### WHAT IS NEEDED
Show each line from the records below in which the word "last" occurs.

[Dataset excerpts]
BEGIN
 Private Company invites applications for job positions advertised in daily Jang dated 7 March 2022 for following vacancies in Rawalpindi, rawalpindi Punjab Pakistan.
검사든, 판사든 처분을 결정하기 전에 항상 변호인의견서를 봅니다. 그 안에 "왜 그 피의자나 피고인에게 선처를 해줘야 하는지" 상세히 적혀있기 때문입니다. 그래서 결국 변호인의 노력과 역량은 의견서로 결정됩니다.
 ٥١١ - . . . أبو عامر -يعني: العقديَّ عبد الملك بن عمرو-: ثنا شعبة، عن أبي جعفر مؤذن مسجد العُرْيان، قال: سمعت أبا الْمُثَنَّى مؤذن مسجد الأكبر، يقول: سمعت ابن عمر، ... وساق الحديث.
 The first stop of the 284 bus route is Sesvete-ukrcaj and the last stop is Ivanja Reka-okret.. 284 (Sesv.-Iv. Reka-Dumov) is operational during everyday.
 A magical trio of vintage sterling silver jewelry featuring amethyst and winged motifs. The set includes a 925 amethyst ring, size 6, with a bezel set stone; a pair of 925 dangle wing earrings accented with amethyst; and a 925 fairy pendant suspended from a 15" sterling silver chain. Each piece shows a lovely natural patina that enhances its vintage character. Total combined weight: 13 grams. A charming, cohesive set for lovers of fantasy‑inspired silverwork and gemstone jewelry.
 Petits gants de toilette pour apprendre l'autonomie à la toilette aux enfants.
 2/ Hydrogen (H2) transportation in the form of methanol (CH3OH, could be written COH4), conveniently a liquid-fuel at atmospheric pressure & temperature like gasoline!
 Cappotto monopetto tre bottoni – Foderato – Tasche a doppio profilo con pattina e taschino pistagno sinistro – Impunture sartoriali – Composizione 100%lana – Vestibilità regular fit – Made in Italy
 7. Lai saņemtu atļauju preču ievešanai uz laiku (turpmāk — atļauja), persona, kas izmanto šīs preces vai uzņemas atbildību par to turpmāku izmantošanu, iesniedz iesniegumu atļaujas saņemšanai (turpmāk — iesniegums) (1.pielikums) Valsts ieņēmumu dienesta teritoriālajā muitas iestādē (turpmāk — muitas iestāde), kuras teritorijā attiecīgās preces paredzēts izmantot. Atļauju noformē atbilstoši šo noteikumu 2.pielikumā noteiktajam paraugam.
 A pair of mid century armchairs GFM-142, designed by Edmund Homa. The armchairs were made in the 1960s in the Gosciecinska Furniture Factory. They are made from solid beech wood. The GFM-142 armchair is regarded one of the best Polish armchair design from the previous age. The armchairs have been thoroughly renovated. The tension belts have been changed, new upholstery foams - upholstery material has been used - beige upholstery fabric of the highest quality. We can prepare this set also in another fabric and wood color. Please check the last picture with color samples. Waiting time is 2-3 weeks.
END
### WRITTEN ANSWER
 The first stop of the 284 bus route is Sesvete-ukrcaj and the last stop is Ivanja Reka-okret.. 284 (Sesv.-Iv. Reka-Dumov) is operational during everyday.
 A pair of mid century armchairs GFM-142, designed by Edmund Homa. The armchairs were made in the 1960s in the Gosciecinska Furniture Factory. They are made from solid beech wood. The GFM-142 armchair is regarded one of the best Polish armchair design from the previous age. The armchairs have been thoroughly renovated. The tension belts have been changed, new upholstery foams - upholstery material has been used - beige upholstery fabric of the highest quality. We can prepare this set also in another fabric and wood color. Please check the last picture with color samples. Waiting time is 2-3 weeks.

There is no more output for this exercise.